An interesting finding in Dr. Zarbin’s series was that 62% of eyes that recovered LP vision on the first day after primary repair had final vision of LP or better after additional surgery. Of the eyes that remained NLP on postoperative day 1, only 8% recovered to LP or better vision.

“Eight percent is not zero, but remaining NLP on the day after primary repair seems to be a negative prognostic finding,” Dr. Zarbin said.

He noted, however, it will be important for other researchers to confirm the finding that sensory status on the day after primary repair has prognostic value.

 

Additional evaluation and counseling considerations

Dr. Zarbin advocated for having the attending surgeon confirm the vision assessment in patients with open-globe injuries and NLP rather than relying solely of the resident or fellow’s assessment.

“It is a bit of an art to check the vision in this setting, and so it should be done by an experienced examiner and using the indirect ophthalmoscope set to maximum intensity, not with a penlight,” he said.

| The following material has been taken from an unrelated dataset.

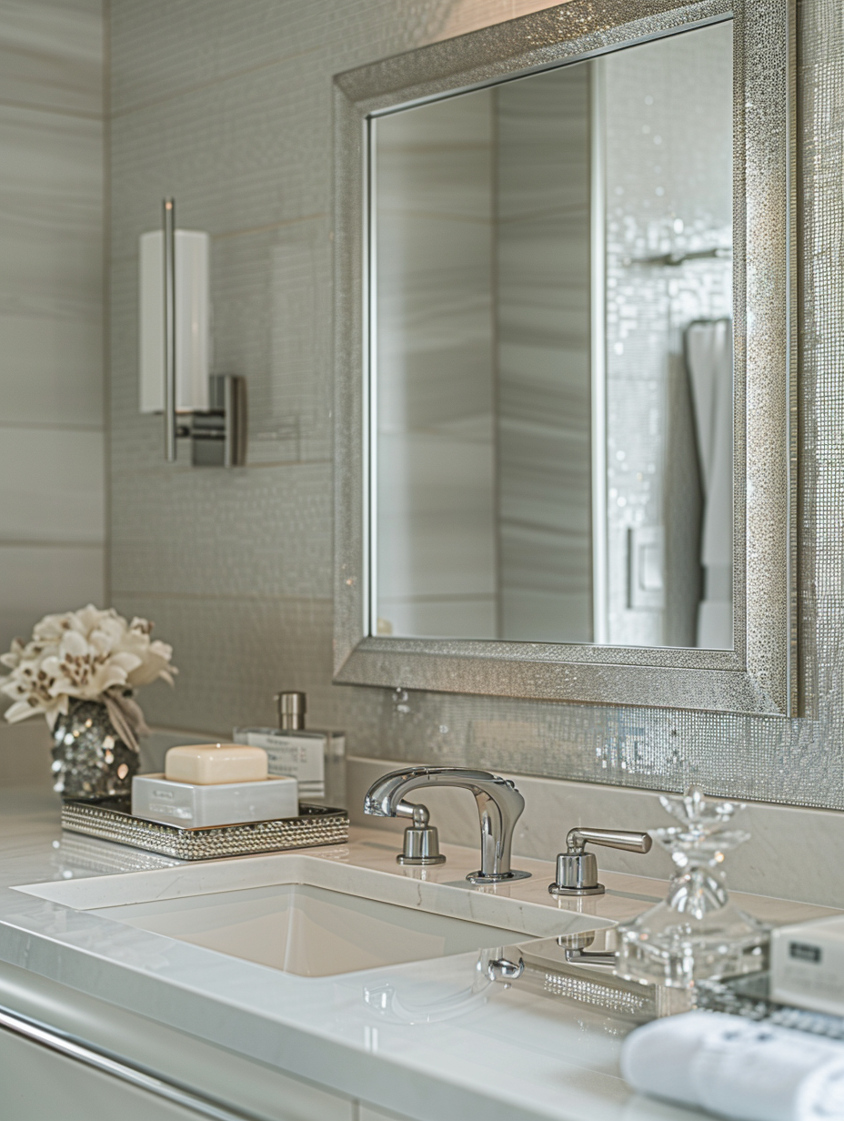 Introducing metallic finishes may enthrall your bathroom with a sense of luxury and sophistication. Use finishes like brushed nickel, chrome, or gold for fixtures and accessories. Your bathroom may have a metallic-framed mirror or light fixture that can be the center of attention. These accents are experienced to be compatible with both modern and classic designs, which give a slim and polished look.

He also said that patient selection for surgery goes beyond anatomic considerations.

“In addition to what is going on in the eye, we have to try to figure out what is going on in the person’s head,” Dr. Zarbin explained.

“We typically tell patients that there is about a 5% chance they will recover ambulatory vision after surgery, and we also discuss the risk of sympathetic ophthalmia with and without additional surgery,” he said. “But some people who are told they have a 5% chance of recovering vision hear that the chance is 95%, and we will not operate on anyone who has such unrealistic expectations.”